1 марта 1903 года «великий сход» крюе в Пече постановил окончательно решить христианский вопрос (без разницы между сербами, греками и болгарами) и подробно уведомил Стамбул о том, что албанцы отныне будут делать, завершив многозначительно: «Если это наше уверение не будет принято, то мы придем ко дворцу султана. Если же наше уверение будет принято, обещаем, покончив с врагами Вашего Величества, наемниками России и Болгарии, на всё будущее время оставаться верными и послушными Вашими подданными».
После чего, не медля, приступили.Для начала всего за несколько дней вырезали вместе с семьями два-три десятка христиан, сербов и греков, для галочки всё же взятых на службу в жандармерию. Заодно перебили под сотню учителей, священников и «подозрительных»

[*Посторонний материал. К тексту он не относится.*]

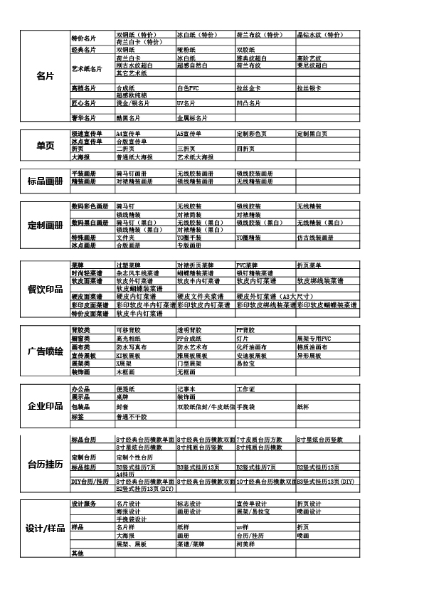 最新產(chǎn)品分類(lèi)表(供參考熟悉)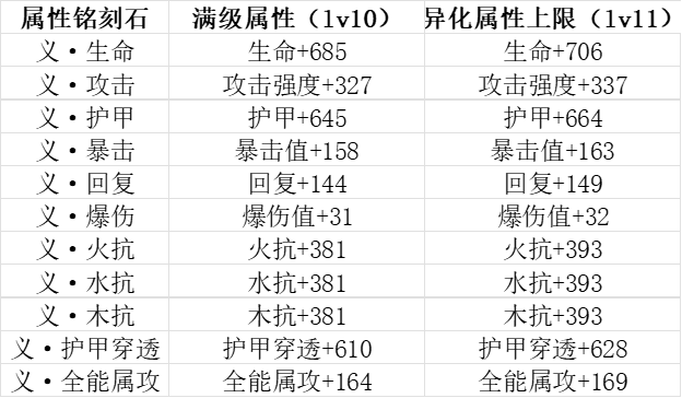 下列是属性词条及其所对应的数值的表格,可以在游戏内打开铭刻石图鉴查看每一级所提供的数值,为节省篇幅,仅放出满级属性和异化到11级后所提供的属性。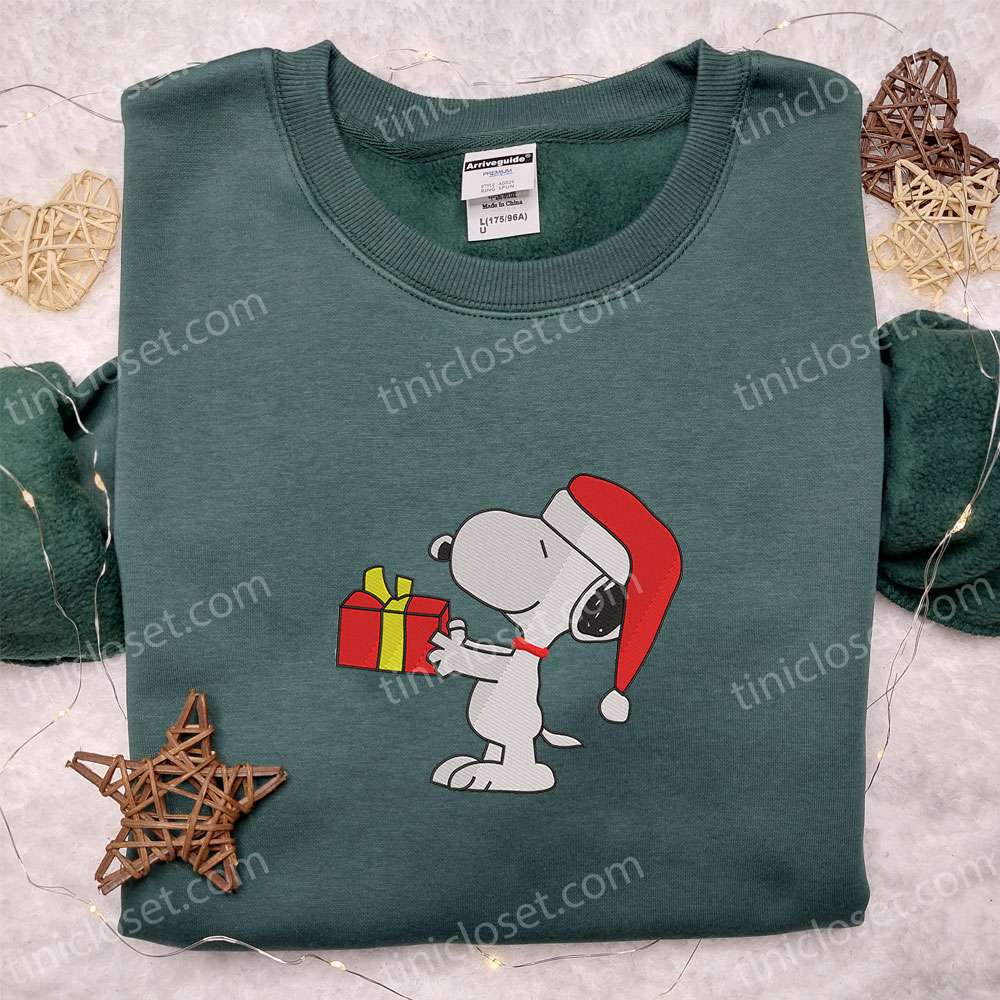 Snoopy Giving Christmas Gift Embroidered Shirt, The Peanuts Cartoon Embroidered Hoodie, Best Christmas Gifts For Family
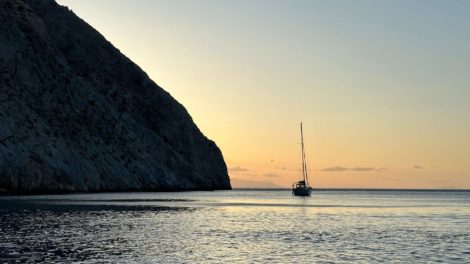 - Sausas klimatas – sala per metus sulaukia tik ~30 cm kritulių (tačiau šiek tiek vėjuočiau, nei kitose Graikijos salose).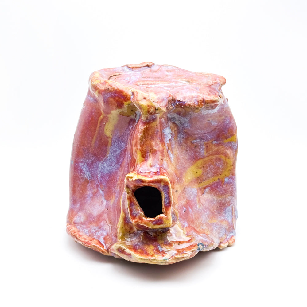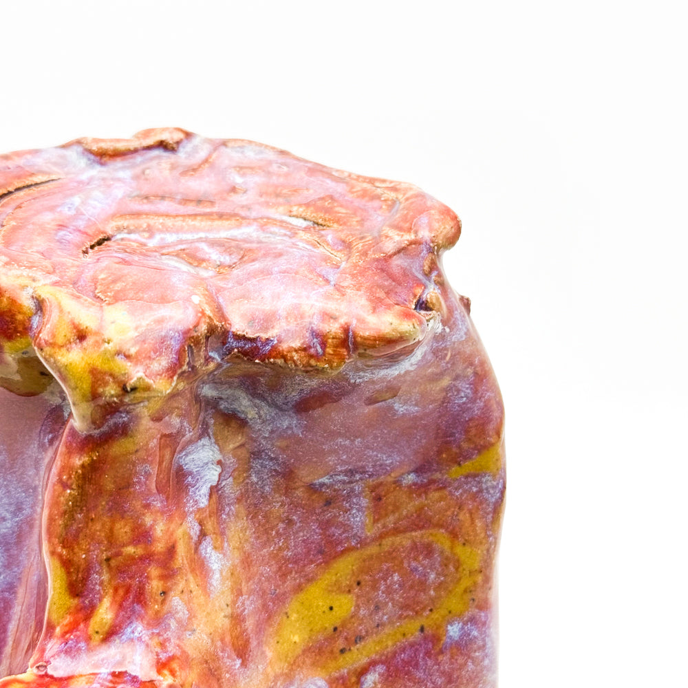 Red White by Blake Jackson is a ceramic piece with a rough, organic shape and a shiny surface. The glaze blends red, yellow, and white tones, creating a soft swirl of colors. With its uneven form and open hole at the front, the piece feels alive and full of character, almost like it has its own expression.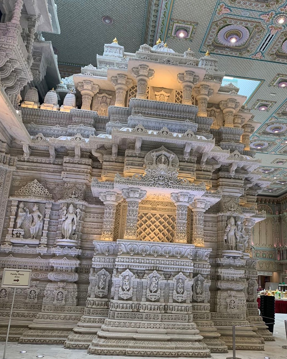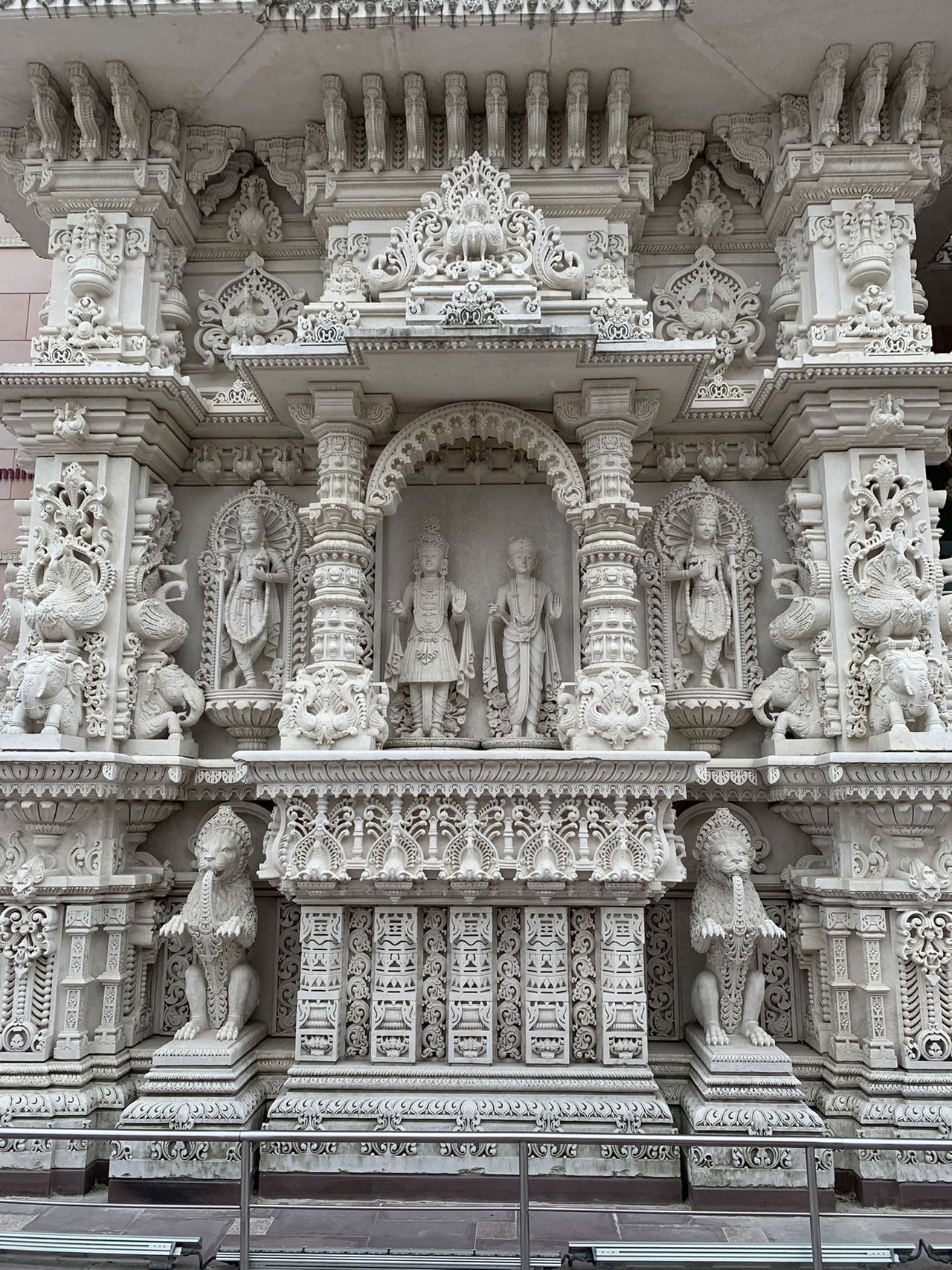 霞夫婦約我們去參觀一個印度廟宇。這是一個金壁輝煋,雕梁畫棟,製作極其精美的建築,是一個非常漂亮的巨形工藝品。一磚一石均來自印度,所有的花紋塑像全是手工雕琢,精細無比,巧奪天工。令人嘆為觀止!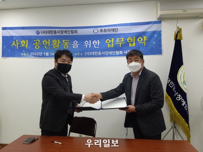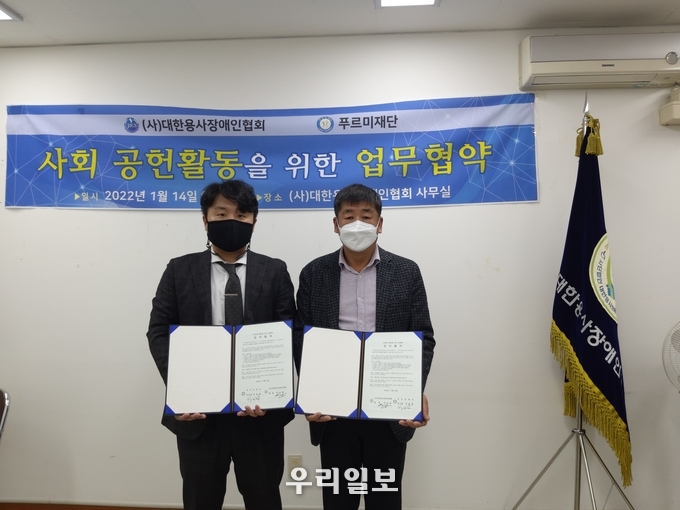 푸르미재단(이사장 박위광)과 (사)대한용사장애인협회(대표 박승범)는 지난 14일 연수동 장애인협회 사무실에서 청소년들을 보호육성 및 사회적 약자를 돕는 사회 공헌 활동에 함께 하자는 뜻을 모아 업무협약을 체결했다.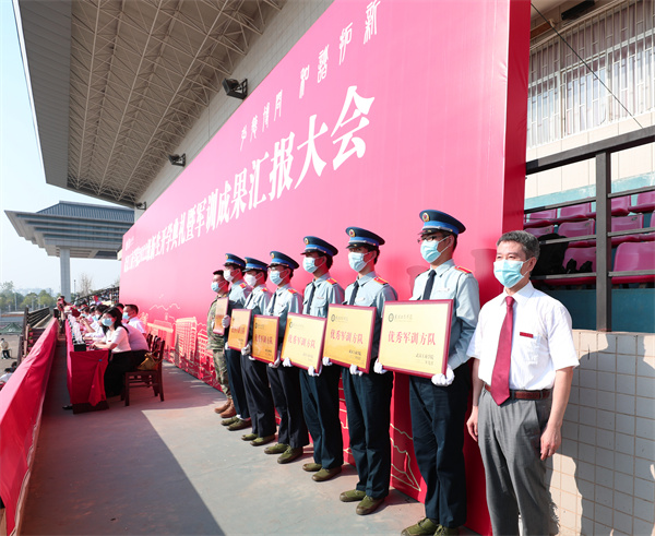学工部部长陈义文宣读了《关于表彰2022级优秀军训方队、优秀军训学员的决定》,黄陂区人民武装部领导、校领导分别为获奖代表颁奖。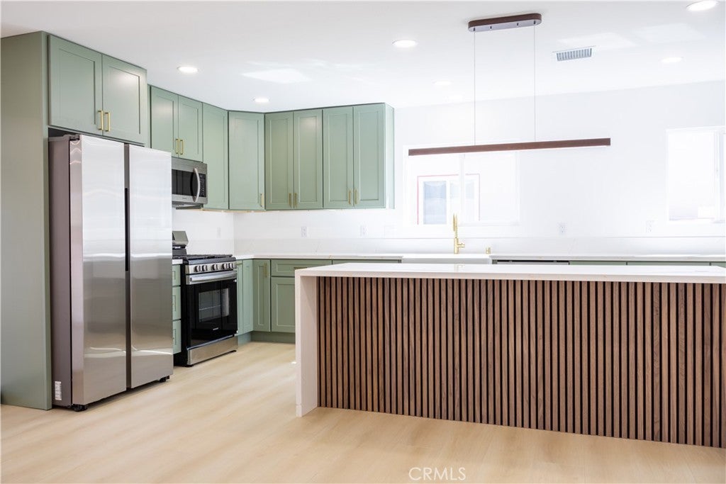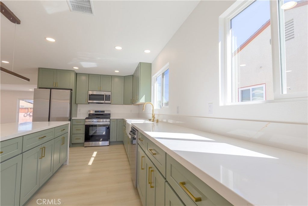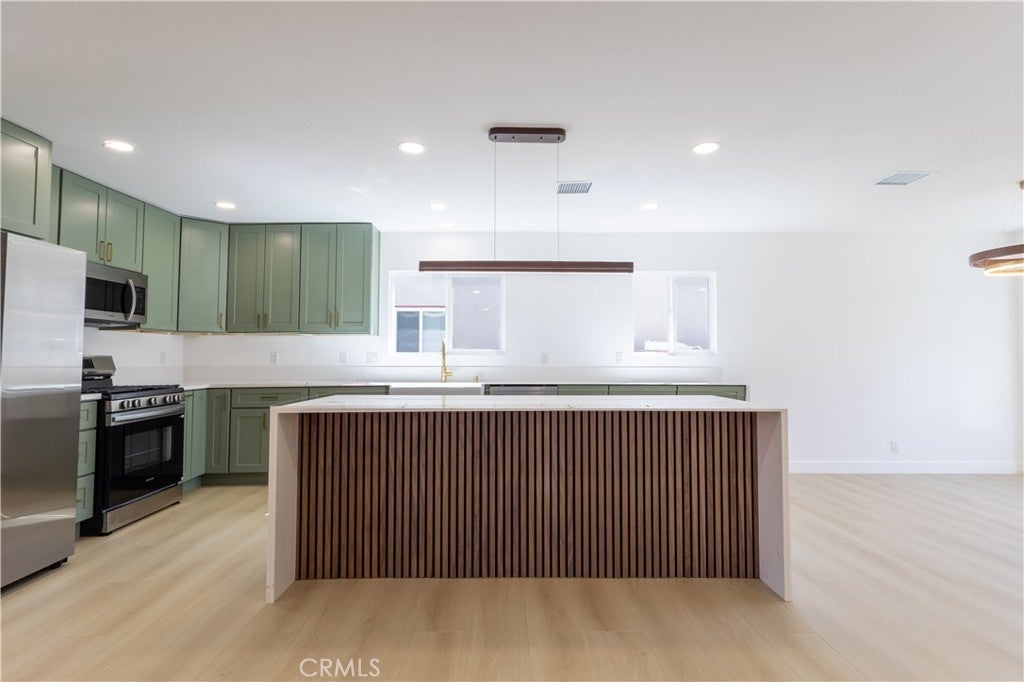 Recently renovated single-story home with PERMITS located in the desirable Lakewood Mutuals neighborhood. This house offers approximately 1,445 sq ft of living space on a 5,001 sq ft lot and features a bright open floorplan with recessed lighting throughout. The home has undergone extensive updates including a brand-new roof, Brand-new TANKLESS water heater, brand new double-pane windows, new central A/C system, and new plumbing and electrical systems following a full re-pipe and re-wire. The property has also been recently re-stuccoed and includes a new sprinkler system in both the front and rear yards, with newly planted grass seed. The remodeled kitchen features new cabinetry, a farmhouse sink, kitchen island, and waterfall-edge countertops, along with included appliances: refrigerator, microwave, gas range, and dishwasher. Designer lighting fixtures enhance the dining area and kitchen island, adding a modern touch to the open living space. The bathroom has been updated with new tile finishes, and the home includes luxury interior doors and modern lighting fixtures throughout. Washer and dryer hookups are conveniently located inside the home. Additional features include a detached 2-car garage with a sub-panel and 220-volt wiring. Double-pane windows, and central heating and cooling. The property offers both front and backyard space with an installed sprinkler system. Located within close to shopping, dining, and freeway access.

болгар. А 17 марта огромная (то ли три, то ли пять тысяч), неплохо вооруженная толпа албанцев осадила Митровицу, требуя изгнать оттуда русского консула, а из Приштины — сербского. «Их цель ясна и указана в резолюции, — сообщал консул Григорий Щербина. — Они намерены уничтожить славянский элемент или заставить покинуть его родные места. В этом их честь и их достоинство. Я не стану покидать город, как предложено, поскольку, надеюсь, авторитет России и ее консула помогут спасти хотя бы кого-то».Поздним вечером албанцы пошли на штурм, и турецкому гарнизону пришлось отгонять их орудийным огнем, после чего крюе, потеряв до трехсот боевиков и отведя толпу, сообщили военным, что всё понимают, зла на служивых не держат, но «неверных» всё равно изведут. А на следующий день погиб тот самый Григорий Степанович Щербина, выехавший искать и спасать выживших. Виновный, не знавший, в кого стрелял, был по требованию Стамбула выдан крюе и по просьбе Николая II — «ибо не ведал, что творил, а также для усмирения воспаленных страстей» —
вместо виселицы пошел на каторгу.А через несколько месяцев близ Битоля погиб и Александр Аркадьевич Ростковский, причем убили его зверски и без причин, и на сей раз Николай Александрович просто приказал виновного, жандарма по имени Халим, повесить в 24 часа. И когда этого не сделали, в Босфор вошли броненосцы Черноморской эскадры, а из Петербурга пришла телеграмма, уведомляющая султана о том, что если Болгария и Сербия решат войти в Македонию и поделить ее, Россия встретит это с пониманием и, заняв Стамбул, выступит гарантом новых реалий.
«Винаги готов!»
[47] — восторженно взвыла София, «Увек спремни!»[48] — откликнулся Белград. Однако еще и эхо не утихло, а Халим уже висел, после чего вопрос был закрыт. Но только этот. Все остальные проблемы накалялись из синего в белое, фактически в трех вилайетах шла вялотекущая гражданская война. И вот теперь, более или менее представляя себе, какая обстановочка сложилась в Македонии после начала «венского процесса», самое время вспомнить об Организации, которая, само собой, тоже в стороне от событий не сидела...
ПРОБЛЕМЫ ИНДЕЙЦЕВ
В принципе, сама идея реформ пришлась «революционерам» не по нраву, и это понятно: их idee fixe — автономия, где они (а кто ж еще?) будут строить прекрасный новый мир, — откладывалась на неопределенное будущее, а в настоящем им не оставалось места, так что умеренную позицию великих держав они рассматривали как «великое предательство».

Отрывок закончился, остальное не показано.